The Orchestrator must not need raw repository filesystem reads, shell execution, or direct Git merge authority to perform control-plane routing.
## Migration stance
v0 implementation should support three modes conceptually:
1. `filesystem_read_through`: current `.yoi/tickets` and `.yoi/objectives` remain authority; DB holds runtime/projection tables.
2. `imported_projection`: filesystem records are imported into DB read models, but filesystem remains the write authority.
3. `db_authority`: Ticket/Objective write path moves to DB; filesystem export becomes compatibility/export snapshot.
This Ticket designs the schema target and can implement non-breaking migrations, but it does not require switching active authority to DB.
## Minimal implementation guidance
If implementation is included in this Ticket, prefer a small non-breaking migration:
- Keep Host/Worker API as live runtime views in v0.
- Add explicit schema versioning.
- Add tables that are safe to create empty: `repositories`, `ticket_targets`, `ticket_target_paths`, `ticket_worker_links`, `artifacts`, `audit_events`.
- Keep existing filesystem read APIs working.
- Do not create a full `actors` table in v0.
- Do not create `hosts` / `workers` canonical tables in v0.
- Do not create a separate `runs` table in v0; use structured Ticket events and TicketWorkerLink relationships.
## Implementation alignment notes
The `yoi-workspace-server` SQLite bootstrap migration implements this v0 schema as schema version 2. Fresh databases create the typed tables listed above and deliberately do not create canonical `runs`, `hosts`, `workers`, `actors`, or check/validation result tables. Host and Worker HTTP read APIs remain live runtime views backed by local inspection, not DB tables.

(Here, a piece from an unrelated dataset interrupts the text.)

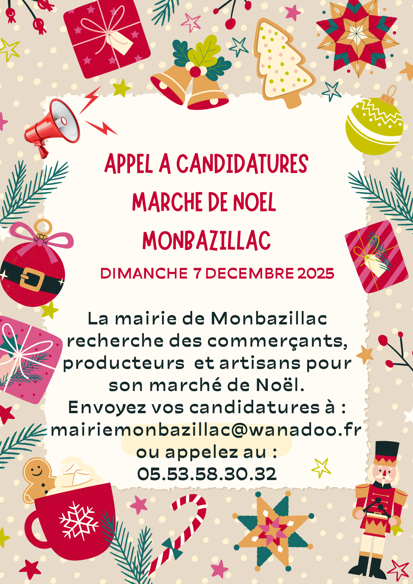 La mairie de Monbazillac organise son traditionnel marché de Noël le 7 décembre 25, toute la journée, sous la Halle du Marché.
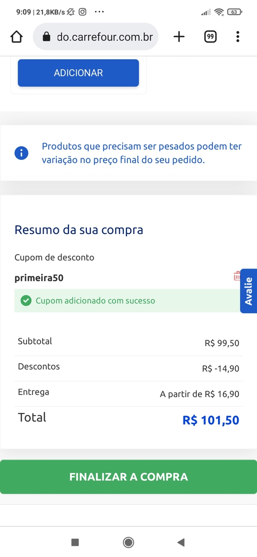 Aqui funcionou adicionando 12 itens, ou seja, acima de R$ 200,00. Site meio bugado, mas, no final, deu certo.

For databases created by the earlier workspace-server bootstrap, migration version 2 preserves old `workspaces`, `repositories`, `runs`, `artifacts`, `ticket_projections`, and `objective_projections` data by renaming those tables to `legacy_workspaces`, `legacy_repositories`, `legacy_runs`, `legacy_artifacts`, `legacy_ticket_projections`, and `legacy_objective_projections`, then creating the v0 typed tables. Existing legacy workspace rows are copied into the canonical v0 `workspaces` table with `state = active` when the old row had no typed state. The legacy names are compatibility preservation only and are not canonical schema tables or active write authority.